MAMJ water–vapor transports (arrows) and precipitable water (background) in the lower troposphere (1,000–700 hPa). a Mean anomaly during the driest 12 MAMJ seasons from 1948 to 2009. b Correlation with PC1. c Correlation with PC2. MAMJ rainfall records were calculated using regions 6 and 7 in Fig. 6b

While the mean wind velocity and humidity data provided by the NCEP/NCAR reanalysis are too low in spatial resolution to accurately discern the complex paths of air parcels before reaching eastern Africa (Gatebe et al. 1999), the anomaly map in Fig. 7a suggests that the tropical Atlantic Ocean and Congo Basin may be important sources of water vapor for eastern Africa during MAMJ, consistent with Segele et al. (2009). During dry seasons, Walker circulation over the tropical Indian Ocean is particularly strong and the descending western branch of the cell appears to suppress moisture transports from the Atlantic, interior of Africa, and Indian Ocean (Fig. 7a). During wet seasons, moisture more freely converges upon eastern Africa and a weakened or eliminated descending branch of the Indian Ocean Walker circulation allows for increased convection and precipitation (data not shown).

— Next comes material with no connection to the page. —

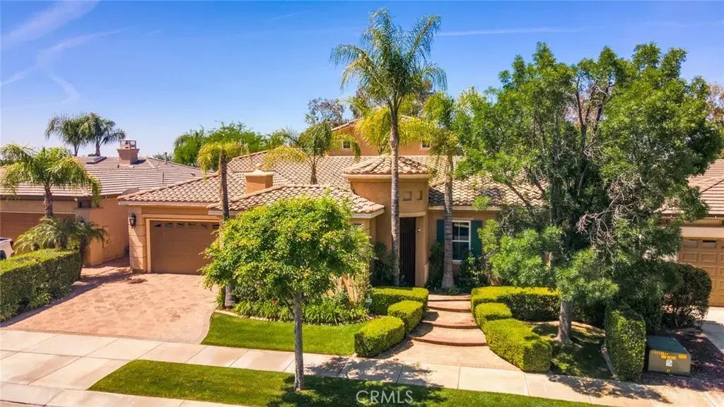 This 3690 square foot single story home with a loft, is located in the prestigious Tournament Hills Gated Community. Rare to find this much square footage on mostly one level. The driveway and all patios are finished in pavers and the lot boasts mature, professional landscaping. The home entrance is private with a turret, security entry, opening up to a tropical courtyard with a wall fountain. The double door entry has hidden screens that allow for the enjoyment of the gentle trickling sound. The interior living spaces are large with a two sided fireplace shared by the living and family rooms. The formal dining room and the office/den are separate and could be converted to two additional bedrooms. The center island kitchen with stainless steel appliances, double ovens and terrific counter space is open to the family room and boasts open ceiling beams, a large eating area and plenty of windows for natural light. The master suite is spacious with a spa style bath that enjoys a garden tub, separate shower, dual vanities and a large walk-in closet. Impressive interior features include tall ceilings and 8 foot doors throughout, Crown moldings and an abundance of tile and granite. A second floor is used as a game room with a balcony. The layout is flexible making it possible to have home offices, gym, hobbie rooms, two master suites and more. The garages are finished and both have openers. The rear yard enjoys a tropical, open feeling with the natural pavers and a fire pit. Beautiful views are enjoyed from this golf course location and the community walking trails that follow a s
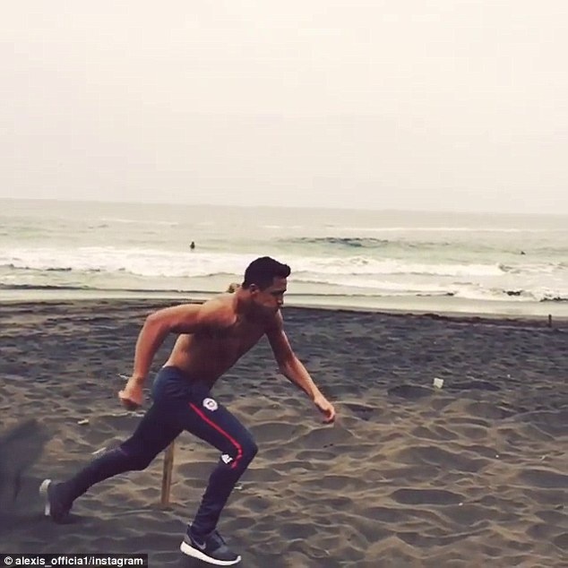 | Ngôi sao người Chile Sanchez miệt mài luyện tập trên bãi biển dù đang trong kỳ nghỉ hè. |

The strength of the Indian Ocean Walker circulation is impacted by the ENSO cycle. The warm ENSO phase leads to a weaker Walker circulation and is weakly associated with enhanced long-rains precipitation in Kenya and Ethiopia. While correlations between long-rains precipitation and ENSO indices are weak, there is a strong association between low-level moisture convergence over the tropical warm pool and low-level divergence and dry conditions over eastern Africa (Fig. 7a). This contributes to the La Niña-like pattern in the map of dry anomalies in Fig. 7a, as can be seen by comparing Fig. 7a to a map of correlation between PC2 and vapor-transports, where the length of arrows depict the strength of correlation (Fig. 7c). Interestingly, ENSO indices have slightly trended toward a warmer phase in recent decades, but east African vapor transports and rainfall have declined. Figure 7b suggests that the decline of vapor transports into eastern Africa, despite the slight tilt toward warm-phase conditions, may be associated with rapid warming of the tropical Indian Ocean and a westward extension of the ascending branch of the Walker circulation (increasing PC1).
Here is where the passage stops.